The temperature recorded in the EXIF is the temperature recorded at some place within the camera body (not entirely sure where). It is not necessarily the same as the temperature of the sensor itself, which directly affects dark current. I did once extract the EXIF temperatures as the sensor warmed up and they were not a good predictor of dark current (except for the first frame or two before the sensor began to heat up).
The best way to measure the thermal gradient across the sensor is to measure the noise at various positions in difference frame between 2 darks and remove the read noise component (using a formula very similar to Pythagoras's Theorem).
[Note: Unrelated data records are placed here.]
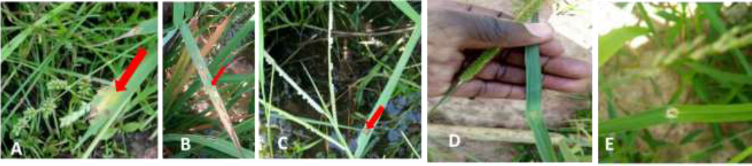 (i) typical symptoms of BLS (Fig. 3A-C) on Oryza longistaminata, Sacciolepis africana, Paspalum vaginatum, and Echinochloa colona;
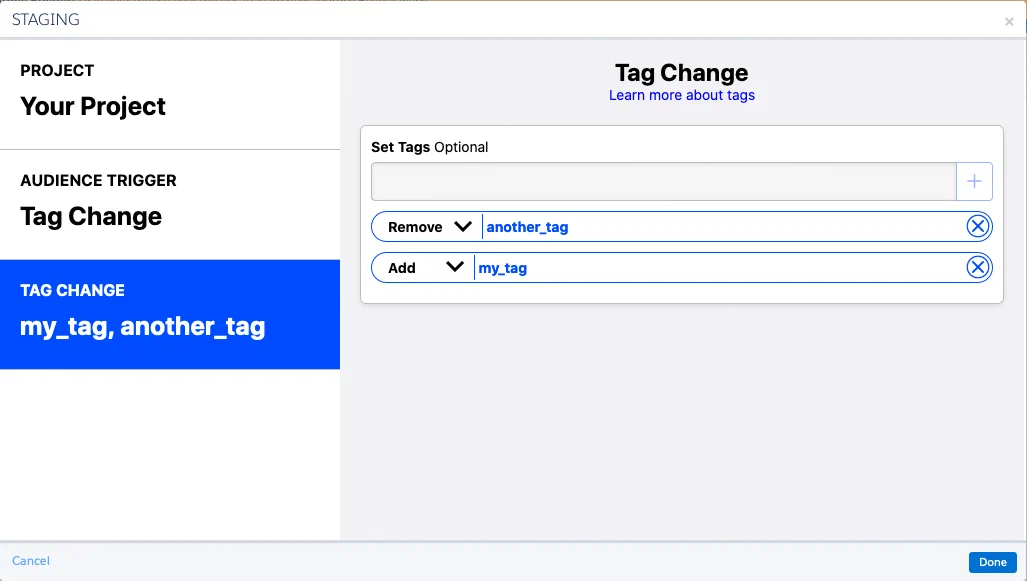 Setting tag change actions in an SFMC journey - Select Done.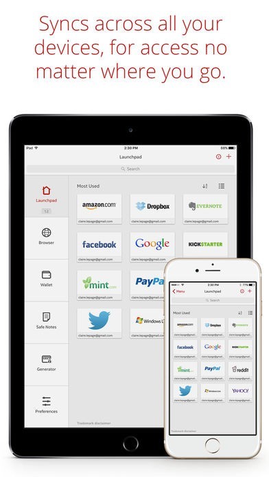 アプリがパスワードを保存して自動的に挿入するため、パスワードを覚えておく必要も、入力する必要もありません。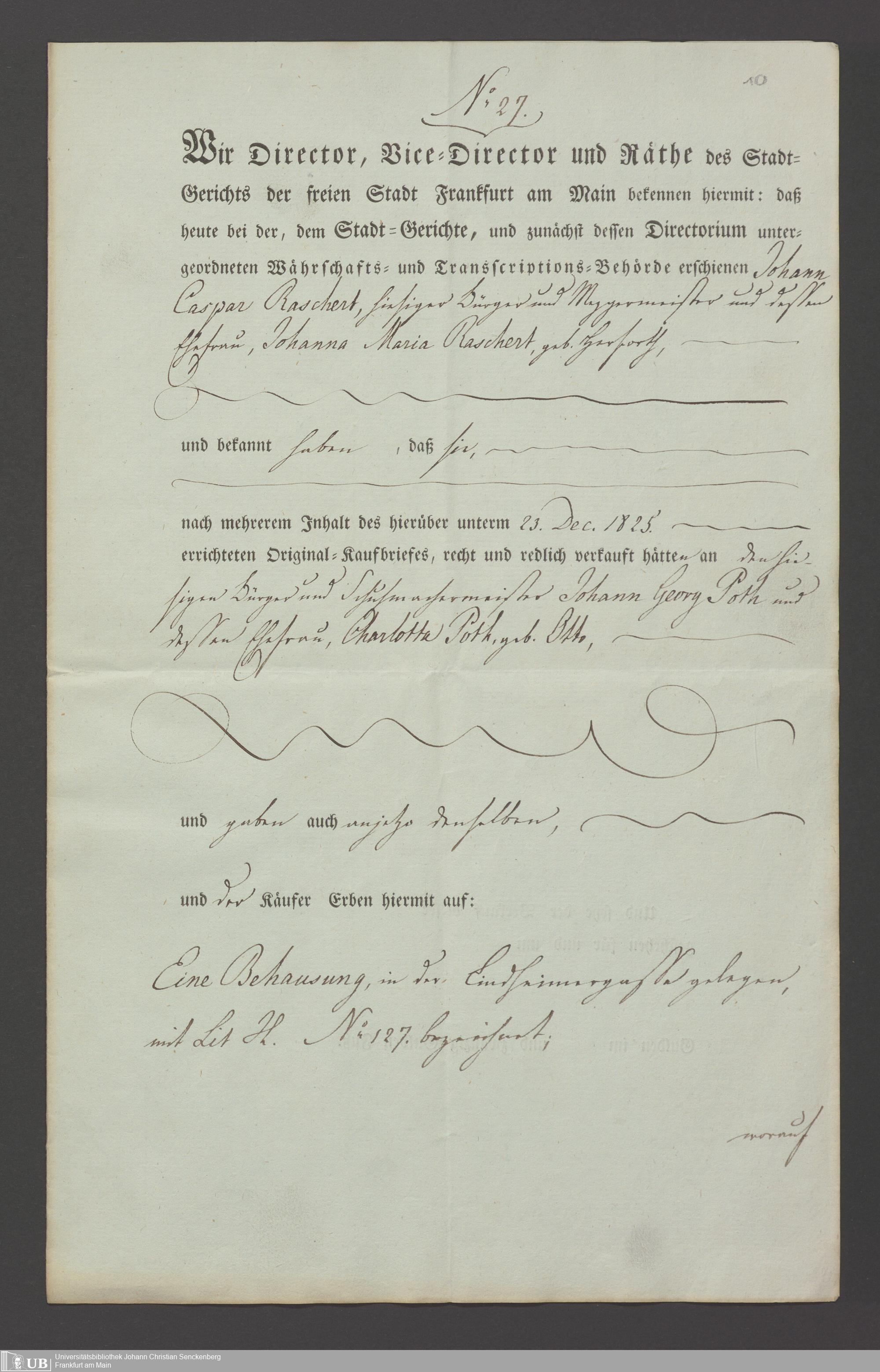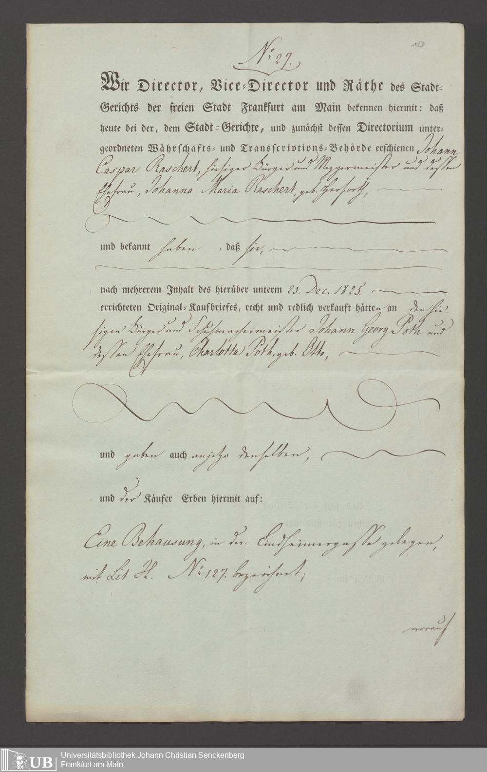 B 5 Dr. Senckenbergische Stiftung, 31 - Hypothek Haus 127, Lindheimergasse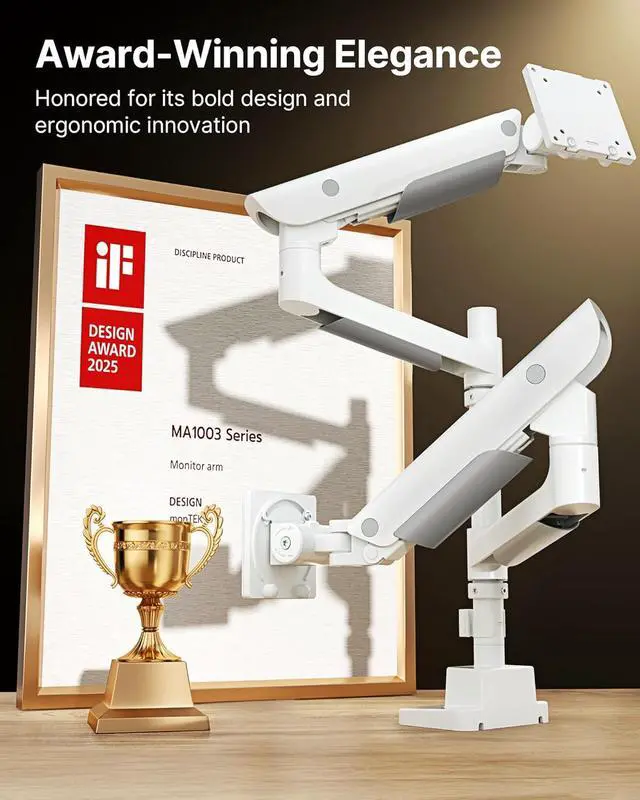 • Award-Winning Design & Premium Aluminum BuildCrafted from high-grade aluminum and honored with an iF Design Award, this monitor arm blends exceptional durability with refined aesthetics. The hidden gas spring tension port ensures a sleek look while enabling long-term strength and performance.

This has the advantage of directly measuring the quantity that will affect the signal to noise ratio in your final images.
Here's the prototype cold finger created from 2mm and 0.3mm copper strips soldered together with plumbers solder:
(http://www.markshelley.co.uk/webdisk/550peltier1.jpg)
Put into position in camera:
(http://www.markshelley.co.uk/webdisk/550peltier2.jpg)
Screwed in place:
(http://www.markshelley.co.uk/webdisk/550peltier3.jpg)
Camera reassembled. The microphone socket had to be permanently removed to make room:
(http://www.markshelley.co.uk/webdisk/550peltier4.jpg)
Peltier and heatsink added:
(http://www.markshelley.co.uk/webdisk/550peltier5.jpg)
At room temperature of 20C, 1.5A at 12V was required to reduce the sensor temperature to 15C below ambient i.e. 5C
At this temperature I measured the thermal noise in a 5 minute dark frame to be 2.2 electrons i.e. lower than the read noise of 3 electrons. The darks revealed no obvious left/right thermal gradient.
Boosting the Peltier current to 2A reduced reduced the dark current by half again, giving a thermal noise of only 1.5e in a 5min exposure.
Mark have you seen this post may help you get more cooling from the TEC .
Are you going to put the camera in a box as I had to due to condensation?
If you are, I would see if you can do it in a way that you can use a camera lens as well as a telescope as I didn't and wished I had, as I used a 2 " adapter due to the flash unit on top of the camera being in the way.
http://stargazerslounge.com/topic/146756-1100d-cold-finger-sensor-cooling-with-tec-and-water-cooling/
Julian,
That's a very serious mod in the link you posted! Not sure quite how practical it is though.
No, I have no intention of putting the camera in a box - I'd like to use the camera occasionally on the Hyperstar and for that I need the TEC and heatsink to be removable - that functionality has yet to be designed. But I'm intending to replace the heatsink with a low profile copper one.
If condensation (on the imaging window) proves to be a problem I'll add a heating wire loop on the window.
Mark